Source: per-model benchmark scripts under benchmark_*.py producing 6 figures each in figures/<model>/.

v2 results — with RVQ 2-bit (0.3.0 throughput optimizations active)

Both runs below use the optimized fast path (Hadamard rotation + boundary-sum quantize + cast cleanup + head batching).

Mistral 7B v0.3 — 4-bit weights · head_dim=128 · 32 layers · 8 KV heads

Config	Key compression	Throughput	Tokens	Quality
fp16 baseline	1.00×	22.1 tok/s	201/201	reference
TQ 2-bit (single-pass)	9.14×	22.4 tok/s	201/201	coherent
TQ 3-bit	5.82×	22.4 tok/s	201/201	coherent
TQ 4-bit	4.27×	21.8 tok/s	201/201	near-lossless
TQ RVQ 2-bit	3.88×	22.3 tok/s	201/201	near-lossless

Mistral 7B is memory-bandwidth bound at ~22 tok/s. Every quantized config now matches fp16. Figures: figures/updated_tests/mistral7b/.
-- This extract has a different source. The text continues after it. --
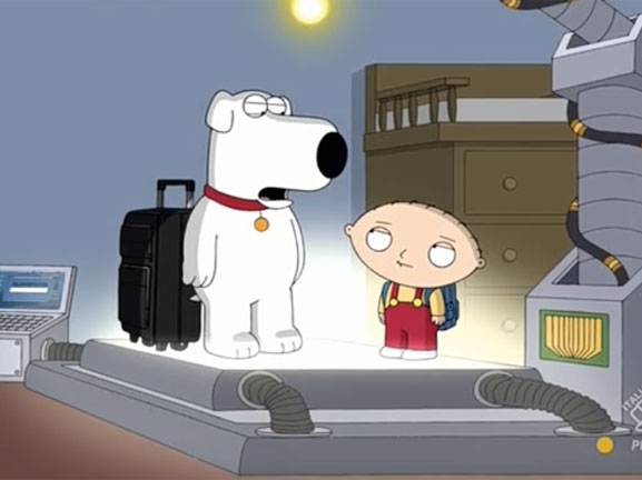 Brian vince dei biglietti per un concerto di Celine Dion a Las Vegas e decide di invitare Stewie a fargli compagnia. Il piccolo genio ha inventato una macchina per il teletrasporto che però sdoppia la coppia catapultandone una immediatamente a Las Vegas, la quale trascorrerà una vacanza meravigliosa, e l'altra, invece, giunta con i mezzi tradizionali, passerà dei giorni di vero inferno! |

Qwen3 4B — 4-bit weights · head_dim=128 · `<think>` mode (most quantization-sensitive)

Config	Key compression	Throughput	Tokens	Quality
fp16 baseline	1.00×	39.2 tok/s	200/200	reference
TQ 2-bit (single-pass)	9.14×	31.2 tok/s	174/200	early stop
TQ 3-bit	5.82×	30.7 tok/s	172/200	partial
TQ 4-bit	4.27×	8.6 tok/s	50/200	`<think>`-loop
TQ RVQ 2-bit	3.88×	36.0 tok/s	199/200	coherent

RVQ 2-bit is the only quantized config that produces near-full coherent output on Qwen3's <think> mode while reaching 92% of fp16 throughput. Figures: figures/updated_tests/qwen3_4b/.

Llama 3.1 8B Instruct (4-bit) — head_dim=128 · 32 layers · 8 KV heads

Config	Key compression	Throughput	Tokens	Quality
fp16 baseline	1.00×	21.5 tok/s	201/201	reference
TQ 2-bit (single-pass)	9.14×	16.3 tok/s	187/201	broken
TQ 3-bit	5.82×	13.9 tok/s	62/201	repetition
TQ 4-bit	4.27×	14.8 tok/s	201/201	near-lossless

v2 (RVQ 2-bit) not yet benchmarked for this model. Figures: figures/llama31_8b/.

Throughput optimization journey

The 0.3.0 release lifts quantized throughput to fp16 parity. Four sequential changes, each independently benchmarked:

Stage	Mistral 7B RVQ 2-bit	Qwen3 4B RVQ 2-bit
0. Original (per-head Python loop)	17.7 tok/s	24.8 tok/s
1. Batch heads `(B,H,S,D) → (B·H·S,D)`	21.5 tok/s	34.0 tok/s
2. Hadamard rotation by default	20.0 tok/s	–
3. Boundary-sum quantize (replaces argmin)	22.4 tok/s	–
4. Drop redundant fp32↔fp16 casts	22.3 tok/s	36.0 tok/s

Quality verified at every step — RVQ cosine 0.9766 unchanged, 100% index match on boundary-sum vs argmin, full token completion preserved on real models.

Full writeup: OPTIMIZATION_FINDINGS.md. Stage-by-stage figure: figures/updated_tests/optimization_journey.png.

Architecture

The pipeline uses a Chain of Responsibility pattern. Each handler mutates a QuantizationContext and passes it downstream:

TurboQuantProd pipeline
═══════════════════════
  x (fp16, batch × d)
       │
  Normalize → Rotate (Π) → Scalar quantize → QJL residual sketch → BitPack
       │
  EncodedVector(indices, signs, residual_norm)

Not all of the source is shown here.